Extensive benchmarks and reviews of time-dependent density functional theory (TDDFT) have been published, covering at least 50 functionals. Here, we do not use one of the (meta)GGA or hybrid functionals but highlight the particular TDDFT method that does not use the Kohn–Sham (KS) potential of some exchange-correlation functional, but uses the exact Kohn–Sham potential or a close approximation to it in the SCF calculations. Such KS-potential-based TDDFT results have been proven to yield excellent results. For routine application, it is required that a computationally simple approximation (as a density functional) to the exact KS potential is available. In this paper, we benchmark TDDFT calculations with a recently developed model KS potential and compare them to advanced quantum chemical methods and experimental data. The target systems here are medium-sized molecules.

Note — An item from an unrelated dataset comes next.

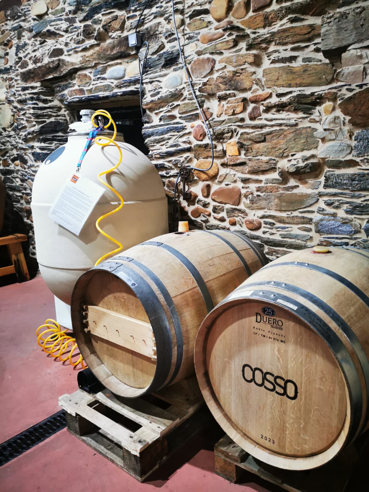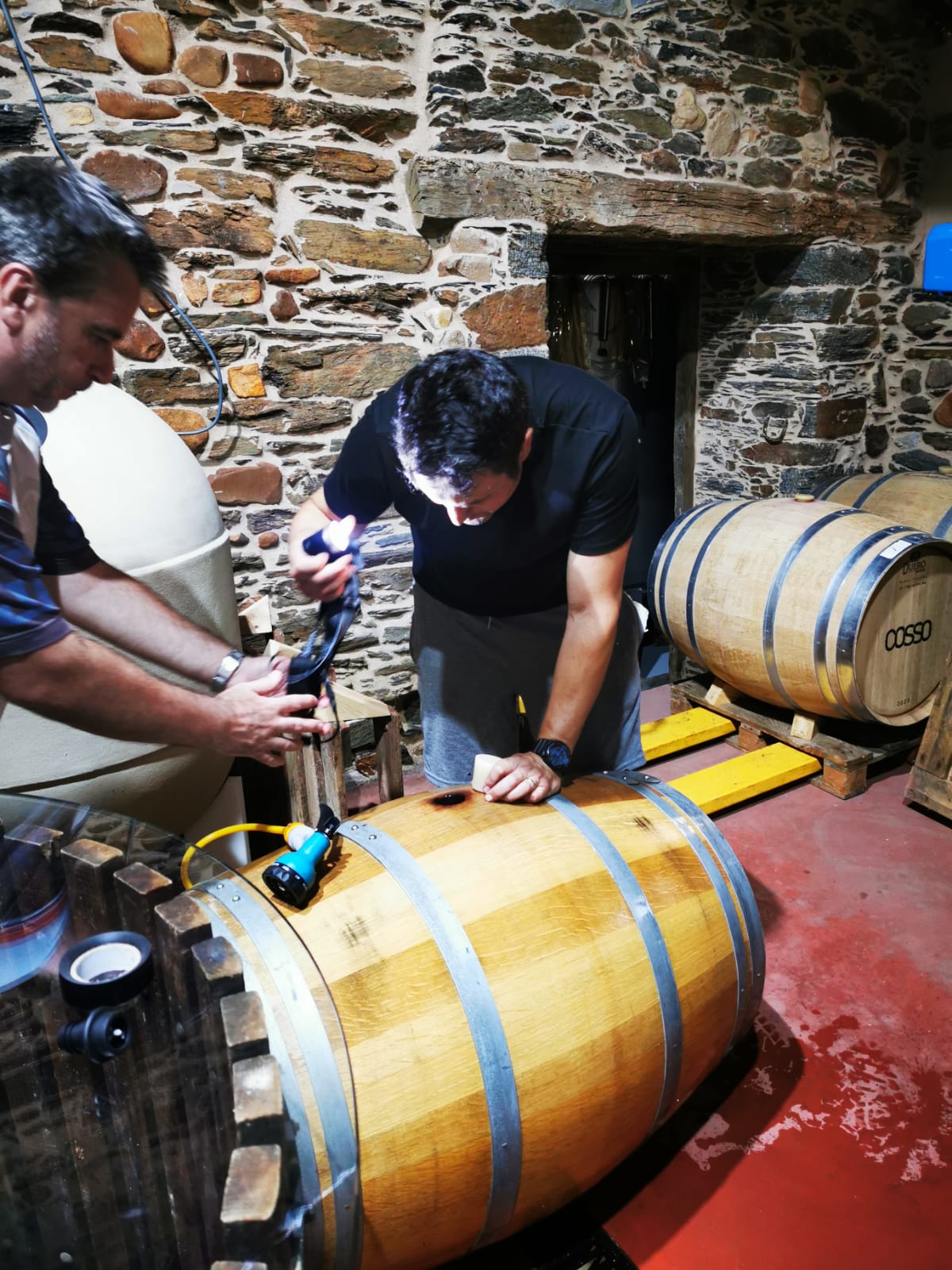 Julio me espera en la bodega para trasegar el vino. Lo catamos esta semana y sí, tras 11 meses en barrica, nos encontramos un vino ya redondo, que ha experimentado el proceso de crianza que queríamos y que está listo para beber. ‘Maite, está estupendo. lo encuentro muy fino, jugoso y ya para beber’, me dice Hermann, otro de los padrinos que ha venido para trasegar su vino tras 4 meses en barrica nueva de roble francés. Su proyecto COSSO es alucinante, así que os recomiendo que le deis un vistazo y no lo perdáis de vista. La verdad es que el proyecto de Apadrinamiento de 13 Viñas está siendo un auténtico campo de pruebas. Barricas nuevas, viejas, de roble americano, francés, huevos de hormigón, tinajas de barro… ¡Interesantísimo!

These TDDFT calculations based on good KS potentials prove to be competitive in accuracy with sophisticated ab initio methods. An advantage is the possibility to use large basis sets (also for large molecules), enabling a description of valence excitations and Rydberg (or mixed valence-Rydberg) excitations on the same footing. This is necessary for high accuracy; a sophisticated but expensive method that cannot handle large basis sets cannot achieve high accuracy. An advantage of the use of a (close to) exact Kohn–Sham potential is the realistic nature (shape and energy) of both the occupied and the virtual KS orbitals, affording an interpretation of excitations in terms of one or a few single orbital-to-orbital transitions. This obviates the need for extensive optimization of the virtual orbitals for the purpose of interpreting excitations. To highlight the importance of the realistic nature of the KS virtuals, including the Rydberg orbitals, we discuss and reassess the nature of the 2¹ A_g state of s-trans-1,3-butadiene, which has been widely considered as a prototype excitation with large double excitation character. Charge-transfer and true double excitations cannot be handled by the simple ALDA kernel used here.